修正策略迭代(MPI)也称为乐观策略迭代，是许多强化学习算法的核心。它通过结合策略迭代和值迭代的元素来工作。MPI的收敛性已经在折现和平均成本mpp的情况下得到了很好的研究。在这项工作中，我们考虑了指数成本风险敏感的MDP公式，已知它对模型参数具有一定的鲁棒性。虽然政策迭代和价值迭代在风险敏感型mdp的背景下已经得到了很好的研究，但对修正策略迭代的研究相对较少。我们首次证明了在有限状态和有限作用空间下，MPI对于风险敏感问题也是收敛的。由于指数成本公式处理乘法Bellman方程，我们的主要贡献是收敛证明，这与贴现和风险中性平均成本问题的现有结果有很大不同。附录中还提供了对风险敏感的mdp近似修改策略迭代的证明。

引用次数: 0

Certified Invertibility in Neural Networks via Mixed-Integer Programming 基于混合整数规划的神经网络的证明可逆性

Conference on Learning for Dynamics & Control

Pub Date : 2023-01-27 DOI: 10.48550/arXiv.2301.11783

Tianqi Cui, Tom S. Bertalan, George J. Pappas, M. Morari, I. Kevrekidis, Mahyar Fazlyab

Neural networks are known to be vulnerable to adversarial attacks, which are small, imperceptible perturbations that can significantly alter the network's output. Conversely, there may exist large, meaningful perturbations that do not affect the network's decision (excessive invariance). In our research, we investigate this latter phenomenon in two contexts: (a) discrete-time dynamical system identification, and (b) the calibration of a neural network's output to that of another network. We examine noninvertibility through the lens of mathematical optimization, where the global solution measures the ``safety"of the network predictions by their distance from the non-invertibility boundary. We formulate mixed-integer programs (MIPs) for ReLU networks and $L_p$ norms ($p=1,2,infty$) that apply to neural network approximators of dynamical systems. We also discuss how our findings can be useful for invertibility certification in transformations between neural networks, e.g. between different levels of network pruning.

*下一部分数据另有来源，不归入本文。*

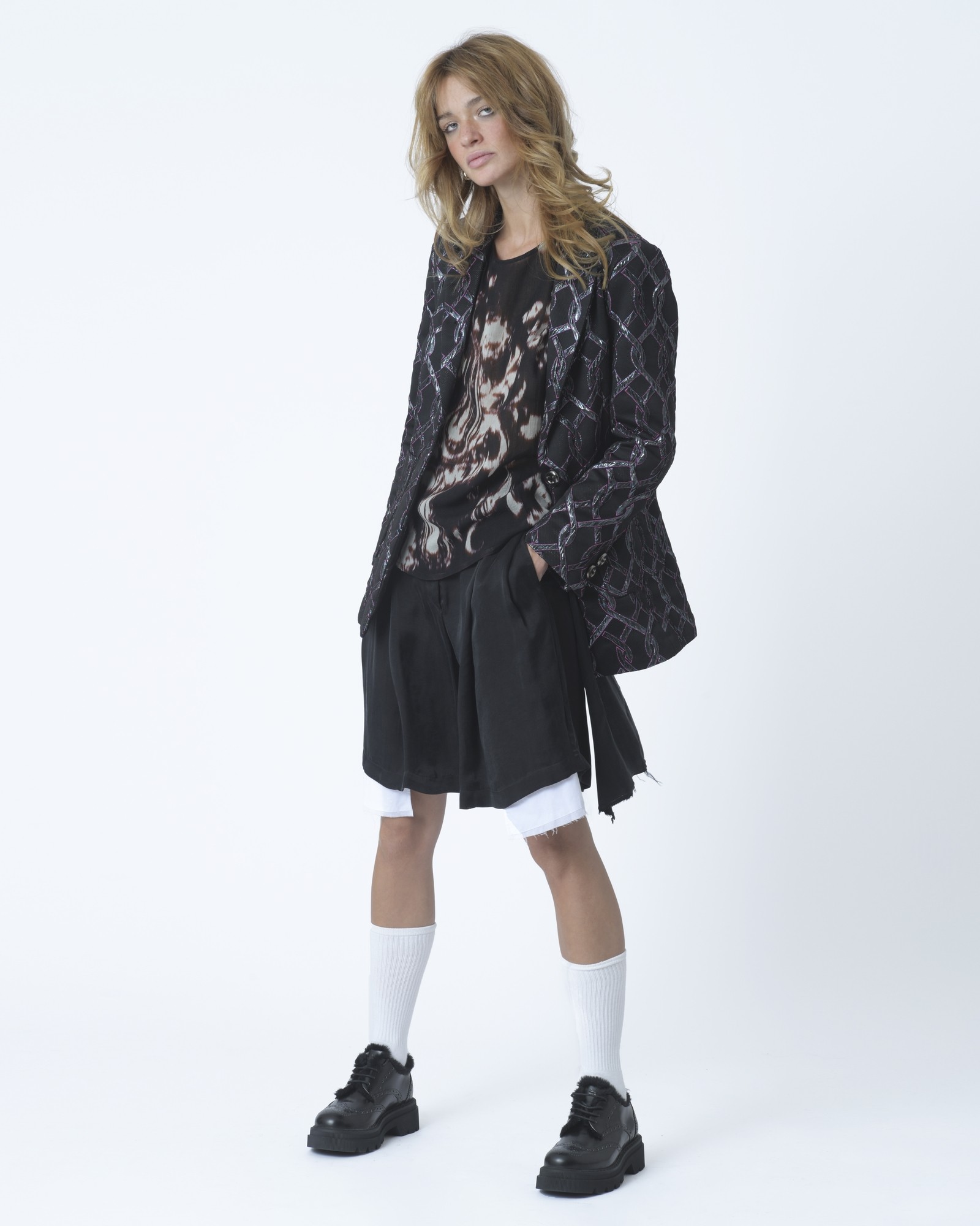 Bermuda en coton Maison flâneur. Détails: tissu satiné, système de fermeture standard: glissière/bouton, poches passepoilées derrière, doublure contrastée blanche asymétrique bas de produit.
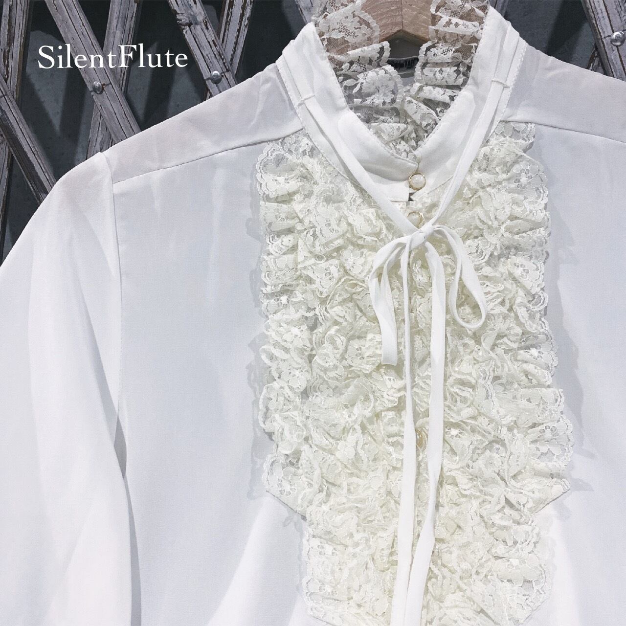 ホワイトのとろっとしたブラウスの生地にエクリュカラーのフリルは奥行もありレトロさも醸し出されます。
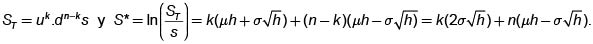 Consideremos el comportamiento del precio de la acción en el lapso desde t = 0, hasta nh = T. Si durante ese lapso de tiempo han ocurrido k movimientos "hacia arriba" y n-k movimientos hacia abajo, entonces
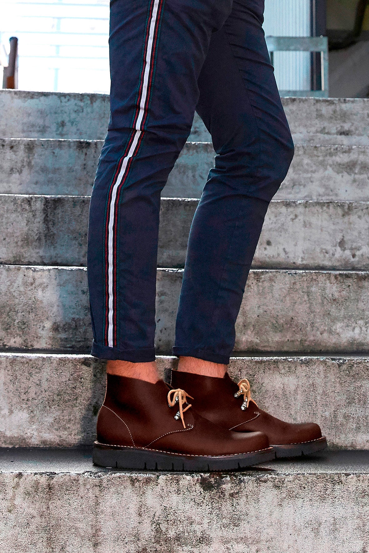 大きな開口部とファスナーにより、素早く簡単に靴ひもを結ぶことができます。肉厚なベジタブルレザーを使用しているのでメンテナンスも簡単です。
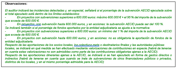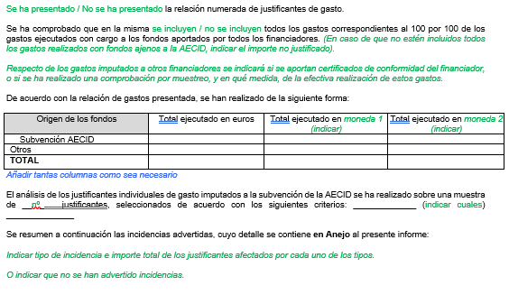 El auditor indicará si ha hecho comprobaciones sobre documentos originales, o fotocopias y si cuando pedía los originales de ciertas copias le eran facilitados. Deberá decir cual ha sido la muestra revisada de los justificantes acreditativos de gasto (número, volumen de euros, y porcentaje respecto a la subvención de la AECID). Se mencionarán cuantas comprobaciones adicionales hayan sido realizadas sobre el objeto del contrato,

众所周知，神经网络很容易受到对抗性攻击，这种攻击是微小的、难以察觉的扰动，可以显著改变网络的输出。相反，可能存在不影响网络决策的大而有意义的扰动(过度不变性)。在我们的研究中，我们在两种情况下研究了后一种现象:(a)离散时间动力系统识别，以及(b)神经网络输出与另一个网络输出的校准。我们通过数学优化的镜头来检查不可逆性，其中全局解通过它们与不可逆性边界的距离来测量网络预测的“安全性”。我们为ReLU网络和$L_p$规范($p=1,2,infty$)制定了混合整数程序(MIPs)，适用于动态系统的神经网络逼近器。我们还讨论了我们的发现如何对神经网络之间转换的可逆性证明有用，例如在不同级别的网络修剪之间。

引用次数: 0

Online switching control with stability and regret guarantees 在线切换控制，具有稳定性和遗憾保证

Conference on Learning for Dynamics & Control

Pub Date : 2023-01-20 DOI: 10.48550/arXiv.2301.08445

Yingying Li, James A. Preiss, Na Li, Yiheng Lin, A. Wierman, J. Shamma

This paper considers online switching control with a finite candidate controller pool, an unknown dynamical system, and unknown cost functions. The candidate controllers can be unstabilizing policies. We only require at least one candidate controller to satisfy certain stability properties, but we do not know which one is stabilizing. We design an online algorithm that guarantees finite-gain stability throughout the duration of its execution. We also provide a sublinear policy regret guarantee compared with the optimal stabilizing candidate controller. Lastly, we numerically test our algorithm on quadrotor planar flights and compare it with a classical switching control algorithm, falsification-based switching, and a classical multi-armed bandit algorithm, Exp3 with batches.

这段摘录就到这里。